Таня машинально хватанула полную вилку ядреной корейской морковки. Закашлялась. Раздосадованно закончила:
– Вот и думай: то ли в покое голубков оставить, то ли через Интерпол их искать.
– Интерпол-то здесь при чем? – хмыкнул отчим.
– Да при том! – отрезала Татьяна. – Мирослав, говорят, троих женщин уже угробил…
Отчим, конечно, заинтересовался. Попросил подробностей. Однако, когда Таня их выложила, разочарования своего скрыть не смог: «Слишком давняя, Танюшка, история. И раз уж его вины не доказали тогда, сейчас это тем более невозможно».
Хотя пообещал: возлюбленного Юлии Николаевны он, по своим каналам, проверит.
* * *
Наши дни. Москва. Валерий Петрович Ходасевич
Нет, бывшую жену Юлю полковник в отставке больше не любил. Совсем не любил.
Но почему же тогда и на сердце было тяжело, и желчь разлилась, и вдруг захотелось уесть, уязвить дуру-бабу?
Если он самому себе на эти вопросы не ответит – значит, грош цена ему как аналитику. Тоже мне, знаток человеческой психологии – свое собственное внутреннее состояние не может проанализировать! Поэтому пришлось задуматься: почему ему до крайности неприятно поведение бывшей жены, о котором поведала падчерица?
Да все просто, признался отставной разведчик. Не шутка ревновать, когда любишь. Но обратная теорема не верна. Неправда, что раз НЕ любишь – значит, НЕ ревнуешь. За те десятилетия, что он был знаком с Юлией Николаевной: сначала жили вместе, потом раздельно, – привык, что она принадлежит ему – никому другому. А тут, вишь ты, выискался прыщ!..
Кроме того, его задевало, что с гражданином, как его там, бывшая супруга, оказывается, крутила роман еще до того, как в ее жизни появился Валерий Петрович. А она хитра оказалась! Рассталась с принцем своим всего за несколько месяцев до того, как познакомилась с Ходасевичем, но за все десятилетия ни разу о нем не обмолвилась.
Ревность подогревалась тем обстоятельством, что сам полковник, даже если бы очень захотел, не смог бы умчать свою былую благоверную (равно как и другую персону) ни в какие Европы. И дело заключалось не только в финансовом факторе. У пенсионеров российских жизнь, конечно, тяжелая, однако за свою карьеру нелегала Валерию Петровичу удалось кое-что скопить. Да и нынче его услуги аналитика в Ясеневе все ж таки оплачивались. Однако командование, скорее из перестраховки, чем из реальных опасений, все продлевало и продлевало для Ходасевича запрет на загранпоездки. Поэтому даже загранпаспорта нового образца у него, проведшего за кордоном большую (и, кажется, лучшую) половину жизни, попросту не было.
В круиз по Волге он поехать еще мог.

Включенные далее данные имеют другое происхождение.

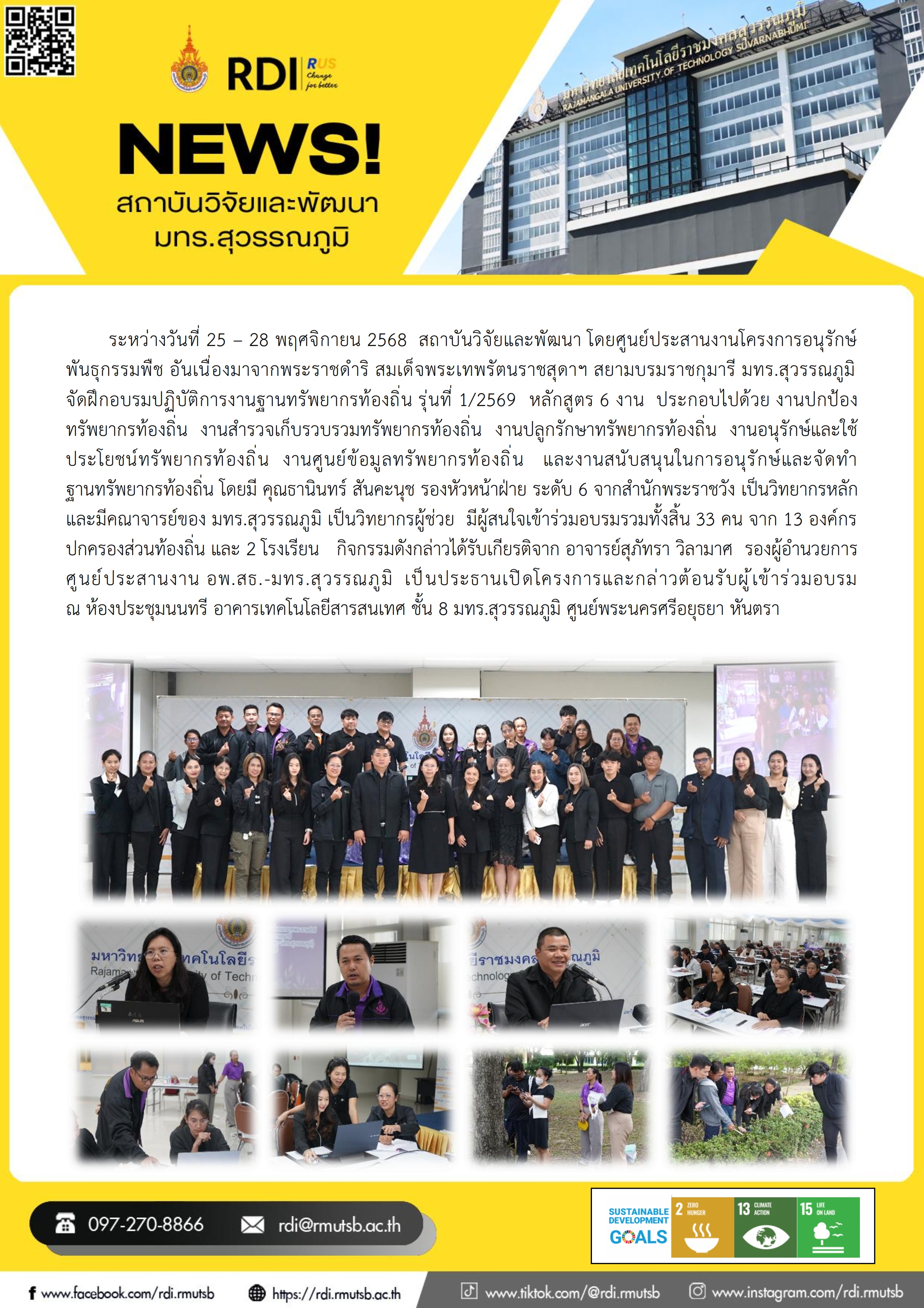 ระหว่างวันที่ 25 – 28 พฤศจิกายน 2568 สถาบันวิจัยและพัฒนา โดยศูนย์ประสานงานโครงการอนุรักษ์พันธุกรรมพืช อันเนื่องมาจากพระราชดําริ สมเด็จพระเทพรัตนราชสุดาฯ สยามบรมราชกุมารี มทร.สุวรรณภูมิ จัดฝึกอบรมปฏิบัติการงานฐานทรัพยากรท้องถิ่น รุ่นที่ 1/2569 หลักสูตร 6 งาน ประกอบไปด้วย งานปกป้องทรัพยากรท้องถิ่น งานสำรวจเก็บรวบรวมทรัพยากรท้องถิ่น งานปลูกรักษาทรัพยากรท้องถิ่น งานอนุรักษ์และใช้ประโยชน์ทรัพยากรท้องถิ่น งานศูนย์ข้อมูลทรัพยากรท้องถิ่น และงานสนับสนุนในการอนุรักษ์และจัดทำฐานทรัพยากรท้องถิ่น โดยมี คุณธานินทร์ สันคะนุช รองหัวหน้าฝ่าย ระดับ 6 จากสำนักพระราชวัง เป็นวิทยากรหลัก และมีคณาจารย์ของ มทร.สุวรรณภูมิ เป็นวิทยากรผู้ช่วย มีผู้สนใจเข้าร่วมอบรมรวมทั้งสิ้น 33 คน จาก 13 องค์กรปกครองส่วนท้องถิ่น และ 2 โรงเรียน กิจกรรมดังกล่าวได้รับเกียรติจาก อาจารย์สุภัทรา วิลามาศ รองผู้อำนวยการศูนย์ประสานงาน อพ.สธ.-มทร.สุวรรณภูมิ เป็นประธานเปิดโครงการและกล่าวต้อนรับผู้เข้าร่วมอบรม ณ ห้องประชุมนนทรี อาคารเทคโนโลยีสารสนเทศ ชั้น 8 มทร.สุวรรณภูมิ ศูนย์พระนครศรีอยุธยา หันตรา
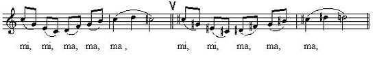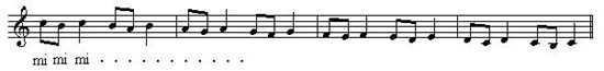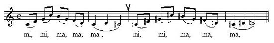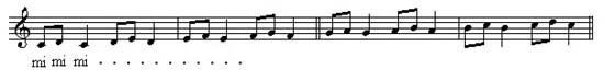 一边唱,一边对三和弦的构成骨干有所感觉。建立起支柱音,对以后的演唱十分有益。 12、下面的练习可以巩固所学过的片断,只是要进一步地要求高音的发声位置与较长的气息相结合,以使这些练习圆润,流畅,练习的成功同样也可以优美动听。每一片断练习之前可以将最高音听几遍,内心建立起气息、位置、舌头状态的准备意识。然后开始唱。每换一个半音,老师都应提醒大家。
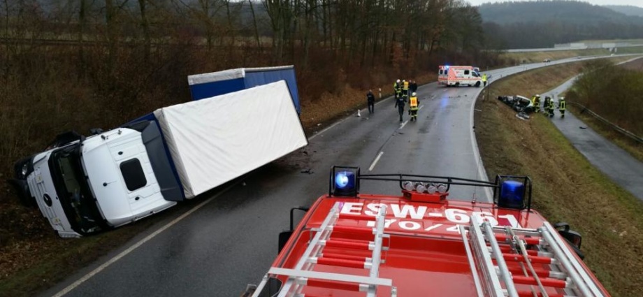 Waldkappel – Zu einem schweren Verkehrsunfall kam es am Donnerstagmittag gegen 13.00 Uhr auf der B7 zwischen Waldkappel und Bischhausen. Ein 21-jähriger Mann aus Eschwege kam mit seinem Fahrzeug aus bisher noch nicht geklärter Ursache in den Gegenverkehr und krachte frontal in einen entgegenkommenden LKW.

Кижи или, допустим, Валаам тоже не возбранялись. А Испания с Португалией или даже милая патриархальная Болгария – никак нет-с, запрещено-с.
Наконец, при мысли о поведении Юлии Николаевны экс-полковник испытывал мучительную неловкость – что-то вроде изжоги. Еще понятна, думал он, та полулюбовь-полупривязанность-полудружба, что испытывают друг к другу двое супругов, кто рука об руку прошел огонь и воду и вместе состарился. А вот вдруг нахлынувшую страсть в то время, когда у девушкиобильный целлюлит, венозные точечки на ногах и пара зубных протезов, наблюдать, право слово, зазорно. Все равно что бывшая супруга вдруг выперлась бы на сцену и начала декламировать детские стишки. Или, к примеру, прилюдно танцует па-де-де с мускулистым танцором в белых лосинах.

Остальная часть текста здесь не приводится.